Chappell Lawson
“Is There Public Opinion in Mexico?”

March 17, 2003

Chappell Lawson spoke on the relationship between the stability of voters' political attitudes and the policy preferences of leadership in his talk on Mexican public opinion on March 17.

Chappell Lawson, “Is There Public Opinion in Mexico?”
Eric Verhoogen, Department of Economics

Democracies work well when the citizenry is well-informed and attentive to the actions of its elected officials and not so well when people are easily seduced by unrealistic promises, quick to forget past events or just plain confused about important policy questions. This issue comes to the forefront in emerging democracies where citizens often have little experience in exercising their voice as an electorate: in understanding complex governance issues, in holding elected officials accountable for their campaign promises or in weighing the competing claims of rival political parties or office-seekers. Voters need not know the details of every issue, argued Chappell Lawson, Professor of Political Science at MIT during a CLAS seminar on March 17, 2003, if their political attitudes are stable and give broad direction to elected representatives. However, unstable political attitudes are likely to favor politicians promoting short-term fixes. Radical swings in policy result when these fixes fail to bring about lasting improvement, a pattern that is all too familiar to students of Latin American politics.

Does the electorate in Mexico have stable attitudes? That is the focus of recent work by Lawson and his co-author, James McCann of Purdue University. To answer it, they have drawn on data from a panel survey of attitudes that followed particular voters before, during and after the July 2002 election that brought Vicente Fox to the presidency. The results suggest that voters’ attitudes are reasonably stable at an aggregate level, but that this aggregate stability is masking volatility in attitudes at the individual level.

Using a panel survey where several interviews are conducted — in this case, four— with each individual makes it is easier to separate true changes in attitudes from random errors that enter the measurement process. Once Lawson and his co-author corrected for such errors, they came to a somewhat mixed conclusion. On one hand, voters in Mexico had fairly stable attitudes toward the major political parties and maintained a steady overall ideological orientation. On the other hand, they had unstable attitudes about two particular policy issues: what the government should do about crime and whether to privatize the electrical industry. Except for the question of ideological orientation, these patterns held true both for highly educated and for less-educated voters. Lawson found in these results grounds for some optimism about the future of democratic governance in Mexico. The stability of attitudes toward the parties means that voters may indeed have a reliable yardstick against which to measure the performance of incumbents. And it is likely, he argued, that voters’ sophistication in analyzing detailed policy issues will increase over time, as citizens gain more experience in a functioning democracy.

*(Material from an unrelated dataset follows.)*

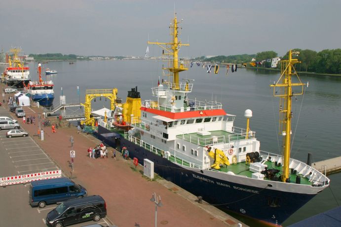 „Open Ship: Als besondere Attraktion liegen die drei Forschungsschiffe CLUPEA, DENEB und ELISABETH MANN BORGESE im Hafen und können den ganzen Tag besichtigt werden. Forscherinnen und Forscher geben Auskunft über das wissenschaftliche Arbeiten auf See und über verschiedene wichtige Themen rings um die Arbeit zum Zustand der Ostsee.

The audience discussion raised a number of important questions. One was whether the volatility of voters’ attitudes on policy issues should be attributed to the “cognitive limitations” of citizens — their inability or unwillingness to grapple with complex ideas — or rather a rational decision by voters that they have little real influence on the political process, and hence little to gain from putting effort into learning about policy debates. Another was whether the issues that Lawson chose to focus on were somewhat removed from most people’s everyday experience, and whether on issues that more intimately intertwined with their own experience voters would have more durable opinions. Women’s attitudes toward abortion might be one example. Also, it is not clear why the instability in beliefs at the individual level is important in itself. If politicians are interested in getting elected, and if who gets elected is a function of aggregate-level attitudes that are themselves fairly stable, then there is little reason to think that the volatility in attitudes at the individual level will lead to short-term solutions and radical swings in policy as suggested above.

These issues aside, Lawson’s work represents one of the first attempts to bring evidence from a large-scale panel survey to bear on political attitudes in a developing country, and on this ground alone it represents a valuable contribution to our understanding of the messy and uneven process of building political participation in an emerging democracy like Mexico.